When your team fails
The 2-Minute Tip has recently been discussing ways to build a team culture focused on collective, rather than personal results. We’ve discussed announcing group rewards and recognized personal sacrifices. Today, let’s talk about how to communicate about a team’s failure to achieve a goal.
Good leaders debrief after a project’s completion, but most fail to actually dig into the real reasons why a project may have failed.
We often don’t want to embarrass team members who didn’t contribute what they needed to. We also don’t want to look bad ourselves.
But if you’re honest, this only causes resentment in yourself and the rest of your team.
In our workshops we teach how to use the project debrief as an opportunity to refocus the team on supporting each other.

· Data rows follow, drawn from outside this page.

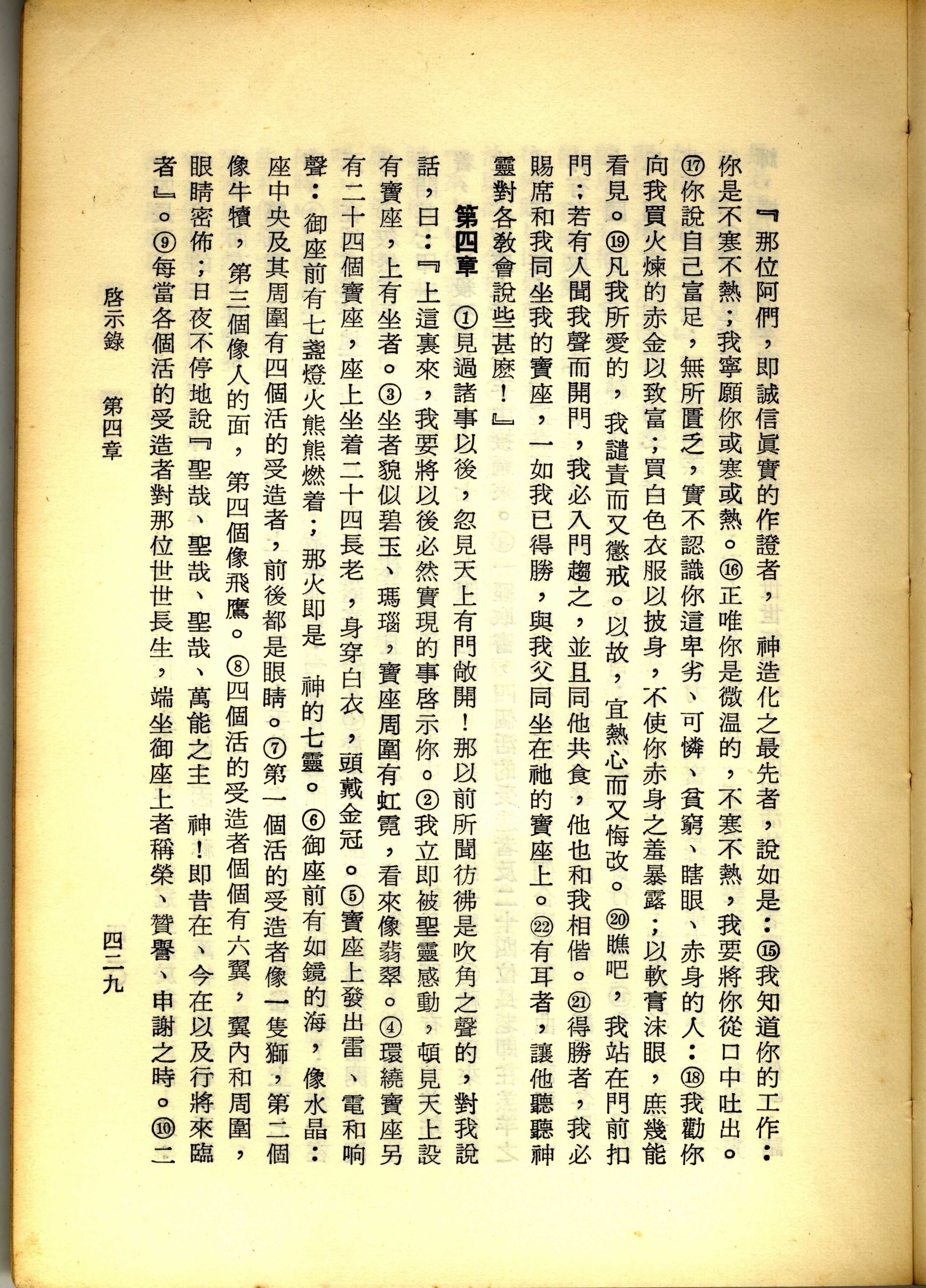 1967年新译新约全集 启示录 3 章 15 节到 4 章 10 节
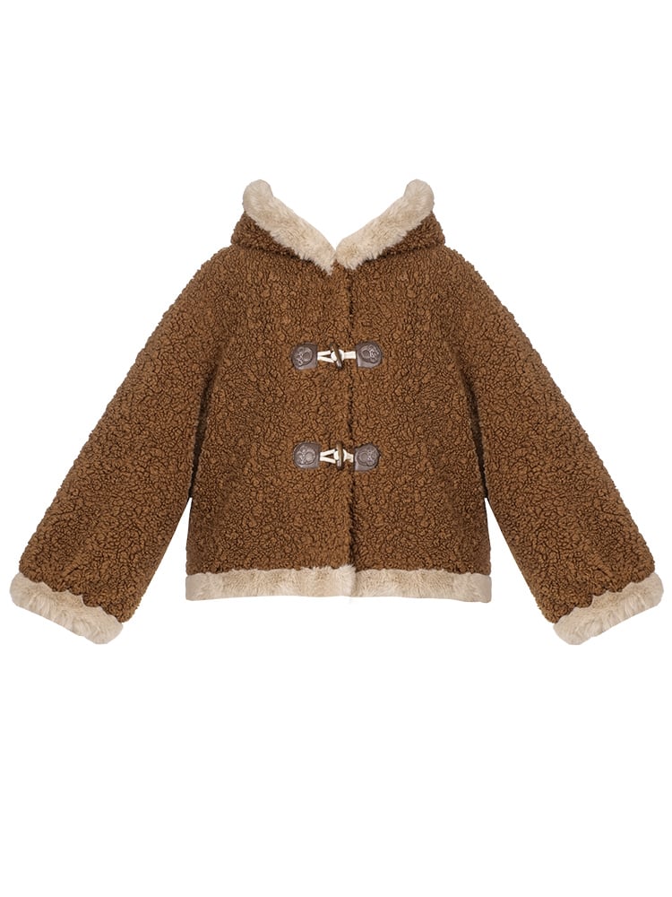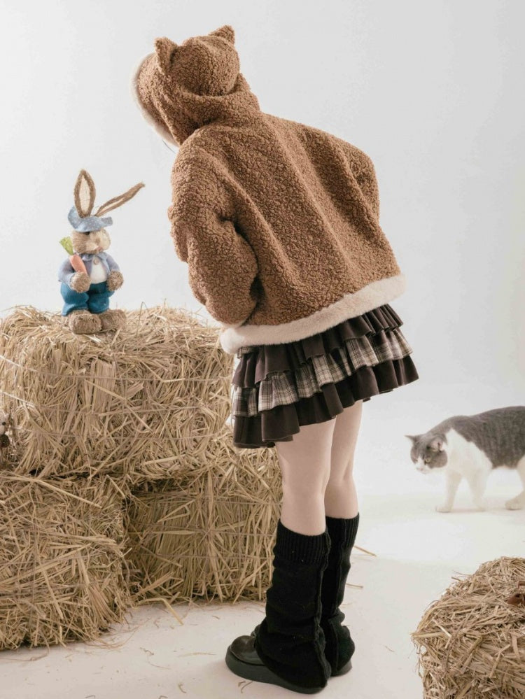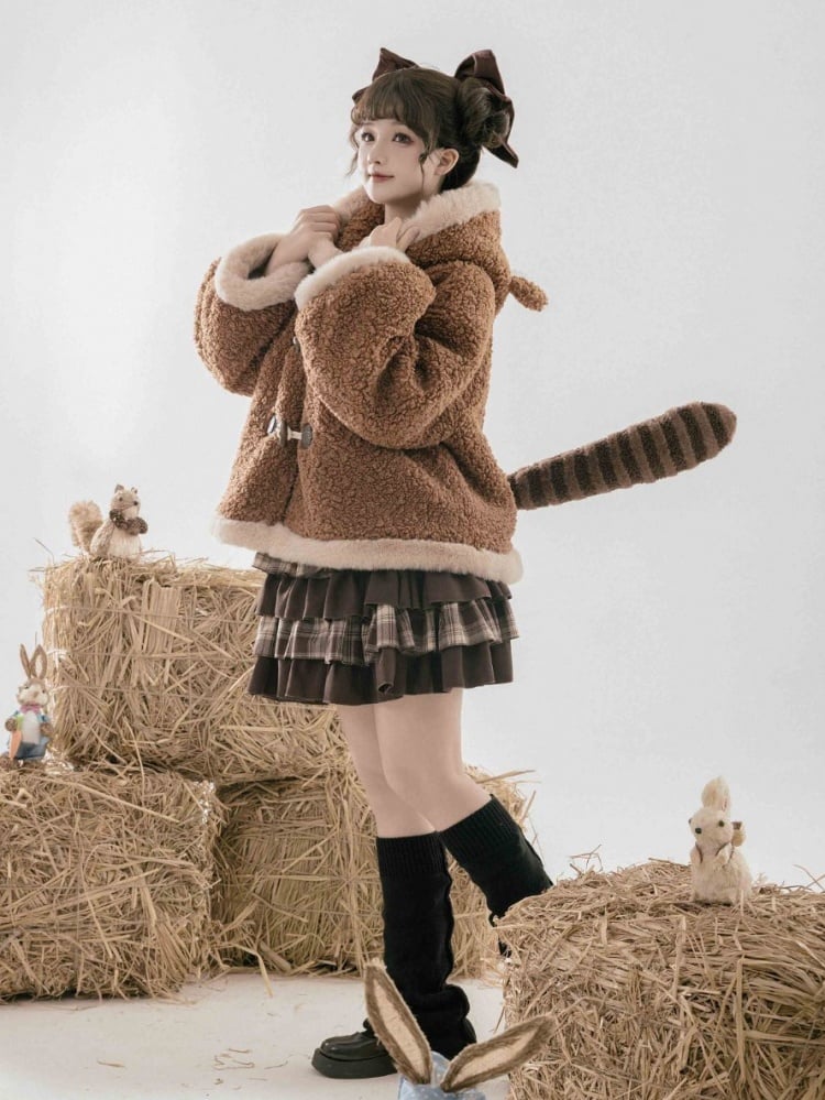 ブラウンフリース レッサーパンダの耳付きフード付き冬用コート
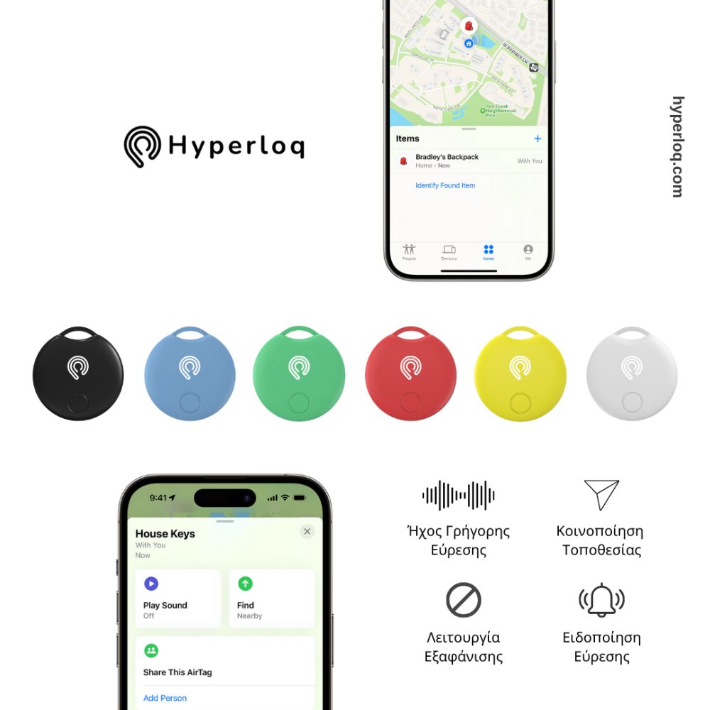 Αυτή η συσκευή διασφαλίζει ότι όλα τα σημαντικά υπάρχοντά σας απέχουν μόλις ένα άγγιγμα από το να βρεθούν. Συνδέστε εύκολα το Hyperloq™ Smart Tag με το smartphone σας χρησιμοποιώντας τη φιλική προς το χρήστη εφαρμογή μας που είναι διαθέσιμη για iOS. Είτε πρόκειται για τα κλειδιά, το πορτοφόλι, το ποδήλατο, το αυτοκίνητο ή ακόμα και το κατοικίδιό σου, το Hyperloq™ είναι εκεί για να τα κρατάς πάντα κοντά. Αντικαταστήστε την περιορισμένη εμβέλεια των ανιχνευτών Bluetooth με την ανώτερη ισχύ του GPS. Το έξυπνο Hyperloq™ επιτρέπει την ακριβή παρακολούθηση τοποθεσίας σε μεγαλύτερες αποστάσεις, διασφαλίζοντας ότι μπορείτε να βρείτε τα αντικείμενά σας σε Παγκόσμια Εμβέλεια. Η εξελιγμένη τεχνολογία μας σας κρατά συνδεδεμένους με τα αντικείμενά σας ανά πάσα στιγμή, μειώνοντας σημαντικά τον κίνδυνο απώλειας. ΜΕΙΝΕΤΕ ΣΕ ΕΓΡΗΓΟΡΣΗ ΜΕ ΑΜΦΙΔΡΟΜΕΣ ΕΙΔΟΠΟΙΗΣΕΙΣ ΜΕΓΑΛΗΣ ΔΙΑΡΚΕΙΑΣ ΚΑΙ ΜΕ ΧΑΜΗΛΗ ΣΥΝΤΗΡΗΣΗ Η έξυπνη ετικέτα μας έχει σχεδιαστεί για αντοχή. Χρησιμοποιεί προηγμένη τεχνολογία χαμηλής κατανάλωσης για να παραμείνει ενεργή και λειτουργική για περισσότερο από ένα χρόνο χωρίς να χρειάζεται επαναφόρτιση. Όταν έρθει η ώρα να το ενεργοποιήσετε, η διαδικασία είναι γρήγορη και εύκολη, διασφαλίζοντας ότι η παρακολούθηση σας δεν θα σταματήσει ποτέ. Επιπλέον, ο σχεδιασμός του επιτρέπει την καθημερινή του μεταφορά. ΚΟΜΨΟ ΚΑΙ ΛΕΙΤΟΥΡΓΙΚΟ Το Hyperloq™ Smart Tag είναι τόσο κομψό όσο και λειτουργικό. Ο κομψός, μοντέρνος σχεδιασμός του όχι μόνο ταιριάζει άψογα στη ζωή σας αλλά και τον βελτιώνει. Συνδέστε το σε οτιδήποτε φοβάστε να χάσετε και απολαύστε την ηρεμία, όμορφα. Είτε είναι σε κατοικίδιο είτε στην αγαπημένη σας τσάντα, το Hyperloq™ το συμπληρώνει τέλεια. Ζήστε την αυτοπεποίθηση και την ανακούφιση ότι δεν θα χάσετε ποτέ ξανά τα σημαντικά σας αντικείμενα. Είτε ταξιδεύετε, είτε είστε απασχολημένοι στη δουλειά είτε απλώς κάνετε την καθημερινή σας ρουτίνα, το Hyperloq™ ενισχύει την αποτελεσματικότητα και την ασφάλεια της ζωής σας. Το Hyperloq™ Smart GPS Tag συνδέεται με το iPhone σας μέσω της εφαρμογής Find My Apple ή Εύρεση στα Ελληνικά και χρησιμοποιεί τη δωρεάν εφαρμογή για να εντοπίσει τα αντικείμενά σας. Είτε είναι πάνω σε κλειδιά, πορτοφόλια ή τσάντες, η συσκευή στέλνει ένα σήμα που μπορεί να παρακολουθηθεί στην εφαρμογή του τηλεφώνου σας για να σας βοηθήσει να βρείτε γρήγορα τα υπάρχοντά σας. Το Hyperloq™ είναι συμβατό με όλες τις σύγχρονες συσκευές iOS. Απλώς κατεβάστε την εφαρμογή Find My ή Εύρεση από το App Store, αντιστοιχίστε τo με το κινητό σας και ξεκινήστε την παρακολούθηση των αντικειμένων σας. Η μπαταρία του Hyperloq™ Smart GPS Tag μπορεί να διαρκέσει πάνω από 10 μήνες ανάλογα με τη χρήση. Χρησιμοποιεί μια μπαταρία CR2032 η οποία αντικαθίσταται εύκολα. Απλά γυρίστε το πίσω κάλυμμα της ετικέτας, αντικαταστήστε την μπαταρία και είστε έτοιμοι. Απολύτως! Μπορείτε να συνδέσετε μέχρι 16 HyperLoq™ στην εφαρμογή Find My ή Εύρεση και να ονομάσετε κάθε μία με βάση το αντικείμενο στο οποίο είναι συνδεδεμένη (π.χ. κλειδιά, πορτοφόλι, τσάντα φορητού υπολογιστή). Αυτή η λειτουργία σας επιτρέπει να παρακολουθείτε ταυτόχρονα 16 διάφορετικά αντικείμενα. Το Hyperloq™ έχει παγκόσμια εμβέλεια, καθώς δεν βασίζεται αποκλειστικά στο Bluetooth. Χρησιμοποιεί σήματα από άλλα κοντινά κινητά τηλέφωνα (αποκλειστικά από συσκευές Apple)για να εντοπίσει τα αντικείμενα σας, γι’ αυτό και δεν απαιτεί συνδρομή ή κάρτα SIM. Με απλά λόγια, εάν χάσετε το αντικείμενό σας, το H

We have teams go back to a recent goal they didn’t achieve and conduct a Personal Responsibility Debrief. Each team member should say what they learned and what they would do differently next time to ensure the project meets its goals.
This isn’t an opportunity to point fingers or place blame on others. If done in the spirit of helping the team improve, this will be a time of vulnerability and honest reflection – with the intent of improving, not blaming (including blaming oneself).
And by the way, the leader must take full responsibility for their own actions or inactions. If the leader isn’t honest, why should the team be?
When everyone explains how they can improve, you’re enforcing a culture of personal responsibility…to each other and the collective results of the team.